A man holds a two thousand Indian rupee banknote and a five hundred Indian rupee banknote for a photograph in Mumbai, India. (Photographer: Dhiraj Singh/Bloomberg)  
A man holds a two thousand Indian rupee banknote and a five hundred Indian rupee banknote for a photograph in Mumbai, India. (Photographer: Dhiraj Singh/Bloomberg)  

Bajaj Finance Ltd.’s assets under management in the October-December period grew at its slowest pace in five quarters after the non-bank lender tightened its lending norms earlier this fiscal.

Shares of the NBFC fell as much as 5 percent on Monday, before paring some of the losses to end the day 4.63 percent lower at Rs 3,998.20 apiece.

The company’s AUM grew 35.1 percent year-on-year to Rs 1.42 lakh crore in the third quarter, according to its stock exchange filing. On a sequential basis, its AUM rose 7 percent.

The non-bank lender had tightened credit norms for small and medium enterprises and business-to-consumer segments in its first-quarter investor presentation. It had also tightened credit standards for auto loans and revised underwriting standards in digital product financing in urban and rural business.

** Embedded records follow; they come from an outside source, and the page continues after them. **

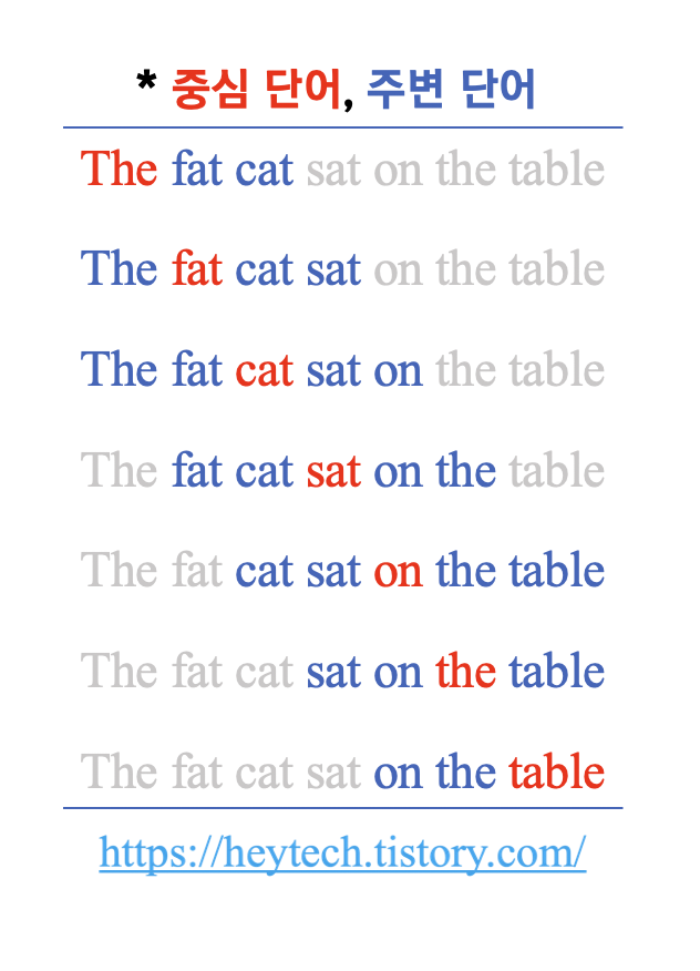 즉, 단어를 예측 및 학습할 때 고려하는 문맥은 오직 1개뿐입니다. 아래의 표와 같이 말이죠. 예를 들어, 'sat'이라는 단어를 예측할 때는 'fat', 'cat', 'on', 'the'라는 주변 단어를 활용한 게 전부입니다.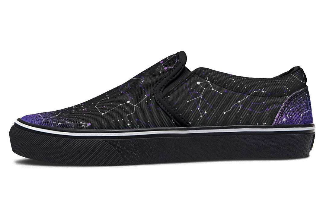 Navigate the cosmos with the Aurora Slipons, where constellations and galaxies shimmer in hues of blue and purple against the midnight sky. These dreamy slip-ons are more enchanting than a witch’s brew, inviting you to explore the universe with every step. Get ready to dance among the stars!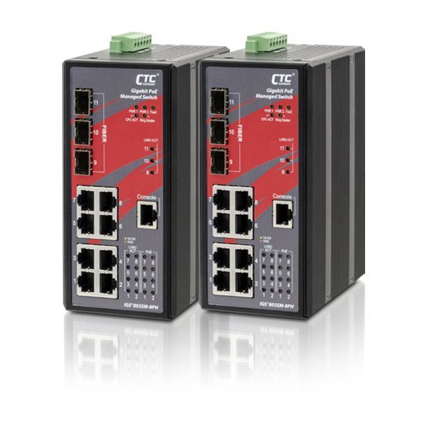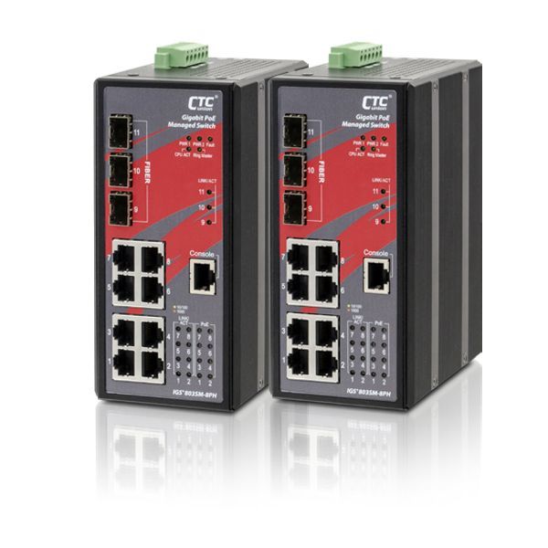 - Supports u-Ring, ERPS, EPS, MSTP, RSTP, STP for Redundant Cabling

Bajaj Finance said it acquired 2.5 million customers in the third quarter as against 1.9 million customers in the previous quarter. Its customer base at the end of December quarter stood at around 40.4 million compared with 32.6 million in the year-ago period.

New loans booked during the quarter stood at 7.7 million compared with 6.8 million in the year-ago period and 6.6 million in the previous quarter, the filing showed.

The AUM growth of 35 percent remains healthy given the slowdown in the overall environment, IIFL Securities said in a note. However, the overall run rate of new customer additions and new loans booked in the quarter is slowing quite considerably, the brokerage said, adding that this could lead to a 2-10 percent cut in profit estimates and further reduction in growth estimates.

According to Emkay Global, the 35 percent AUM growth stood in line with their estimates. The brokerage said it remains confident of the non-bank lender’s overall asset-quality profile but provisions worth Rs 310 crore for Karvy Stock Broking Ltd. may keep credit costs elevated.

Credit engine slowing down in a “secular slowdown” is not surprising, Shubhranshu Mishra, assistant vice president of research (diversified financials), BOB Capital Markets Ltd., said in a note. “What is of concern is the new customer acquisition, which should be carefully watched for the next two-three quarters as that determined the cross-sell ability and thereby sustenance of high RoAs,” he said.